Apple's YouTube description gives a helpful list of everyone featured in the ad. Among Malala Yousafzai, Diane von Furstenberg and feminist icon Gloria Steinem are people like...Marie Kondo, Lady Gaga, late night talk show host Lilly Singh, who I have to confess, I'd never heard of until now.
The song is by (who else?) Beyoncé. "Flawless" Feat. Chimamanda Ngozi Adichie.
The inherent flaw in this entire campaign is the same as with like Crazy Ones: Apple has little if anything to do with the success of the people who use their product. I'm sure Malala Yousafzai is happy to be in the spot and raise awareness for her work and of course take money to be in the spot. But it's kind of insulting to claim what she endured is somehow thanks to Mac.
Crazy Ones purely celebrated the people who make a difference, and the implication was "We're just like them." Arrogant? Sure, but Apple's always been an arrogant brand.

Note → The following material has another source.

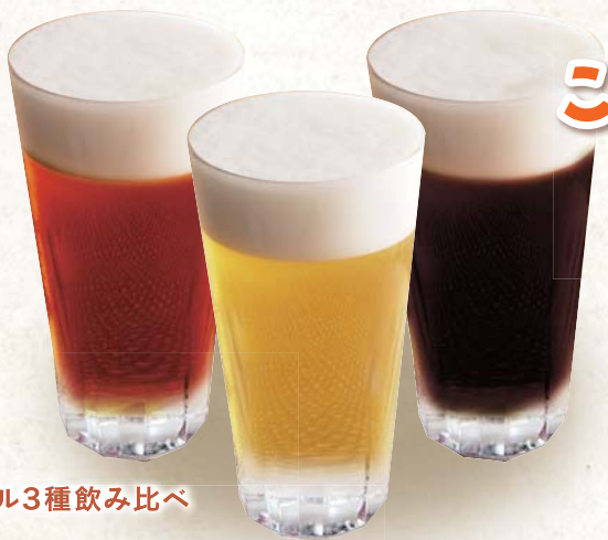
ビール3種飲み比べ

Behind The Mac however, shoulders its way into the cultural moment. The implication is at best cringe-worthy, "We're relevant, too!" or at worst, implying that somehow these cultural icons owe them. You wouldn’t be here without us."
It's really hard to say. But that's what happens when there’s no voice over. A picture is worth thousand words, none of them you can control.
In the past few years, Apple's gone from touting the product benefits to inserting itself into important moments in culture in a self-serving manner. It's kind of like saying "We're down the struggle, whatever struggle there is this month."
It's all the more curious then that Apple has gone from assuming you are smart enough to know who Gandhi, Martin Luther King Jr, Einstein and Bob Dylan are to feeling the need to tell us who everyone is in the spot.
By the way, the spot is also being localized because people in different countries might not care about a on-the-rise Grammy nominee who was one of five other writers on an Ariana Grande song. (Does it really take that many people to write an Ariana Grande song?)
What bothers me about this spot is that it doesn't really champion women so much as use them as window dressing behind expensive hardware. And the worst part is that as a creative, I just know they had to go through a few dozen other people before they found a crop who the CMO and CCO felt "resonated," let along finding people who would agree to be in the spot. It’s not that you are championing women, so much as championing certain women.
At the end of the day, this spot, like the entire Behind The Mac campaign, is just a product shot with borrowed interest, and it's not very interesting. It's opportunistic and oddly shallow.